Niche but indispensable for tokenizers. Most app code doesn't need it.

Putting it all together: a URL parser #

const URL_RE = /^(?<scheme>https?):\/\/(?<host>[^\/:?#]+)(?::(?<port>\d+))?(?<path>\/[^?#]*)?(?:\?(?<query>[^#]*))?(?:#(?<fragment>.*))?$/;

const m = 'https://api.example.com:8080/users/42?role=admin#section'.match(URL_RE);
console.log(m.groups);
// {
//   scheme: 'https',
//   host: 'api.example.com',
//   port: '8080',
//   path: '/users/42',
//   query: 'role=admin',
//   fragment: 'section'
// }

Named groups make the result usable. Non-capturing groups ((?:...)) keep the indices clean. Lookarounds aren't needed for this one — the anchors and structure carry it.

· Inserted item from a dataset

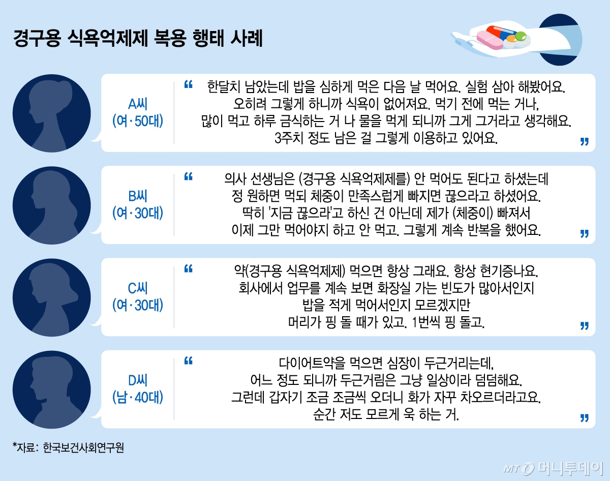 "보통 폭식한 다음 날 먹어요. 아침에 먹고 종일 굶죠. 그럼 식욕이 없어지니까." (한국보건사회연구원 의약품 남용 연구 참여자 A씨)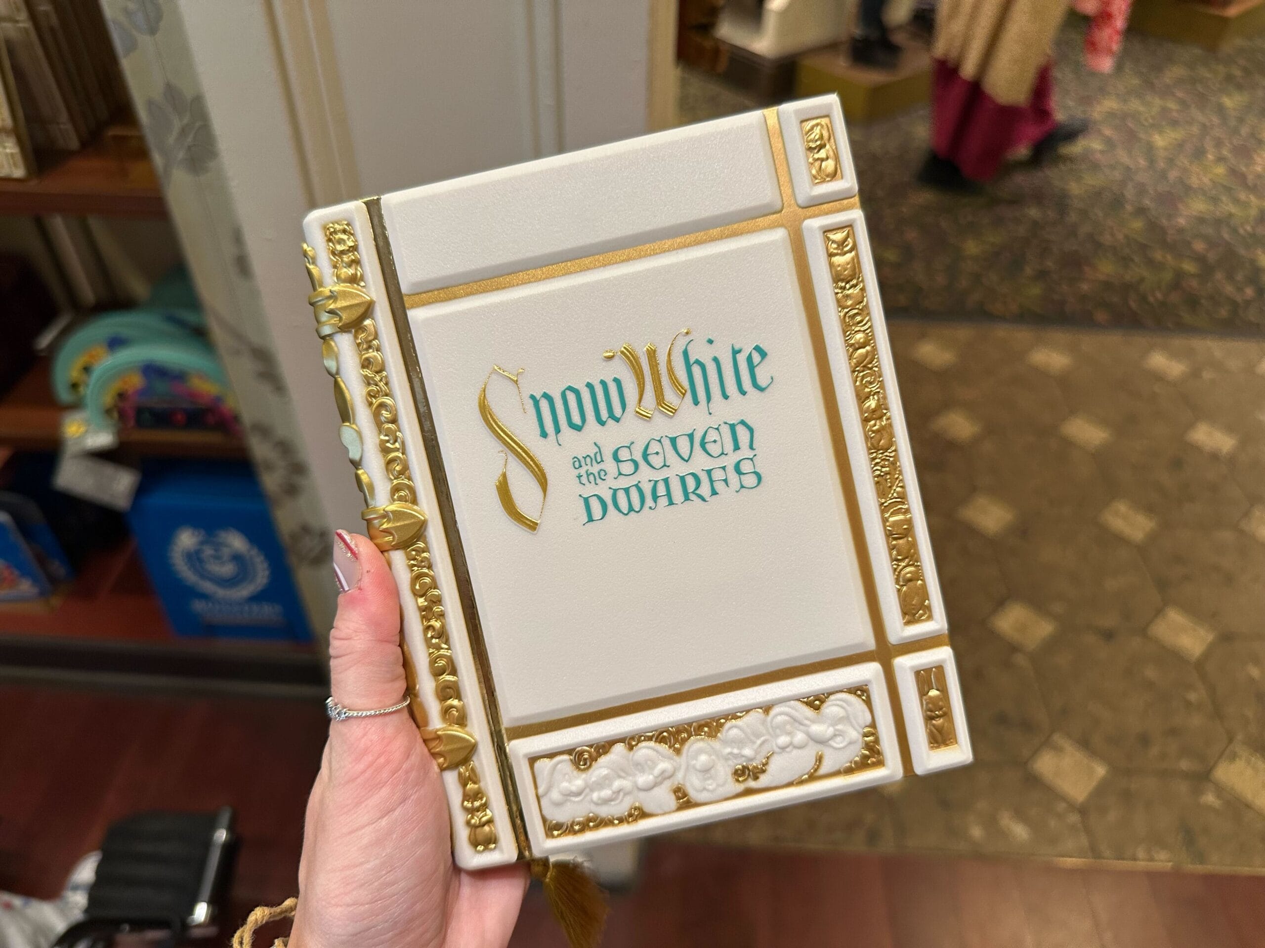 A hand holds a decorative Classic Mini Storybook Journal with the title "Snow White and the Seven Dwarfs" embossed in gold and blue on the cover, reminiscent of enchanting tales from Magic Kingdom Park.

Production code would use new URL(...), but the regex demonstrates the power of named groups.

A summary #

  • Lookarounds check context without consuming. (?=...) (?!...) (?<=...) (?<!...).
  • Named groups (?<name>...) and backreferences \k<name>. Always preferable to positional indices.
  • Unicode property escapes \p{Letter}, \p{Emoji}, \p{Script=Greek} — require u flag.
  • Flags: s for dot-matches-newline, d for match indices, y for sticky.
  • Backreferences inside a pattern\1 (positional) or \k<name> (named).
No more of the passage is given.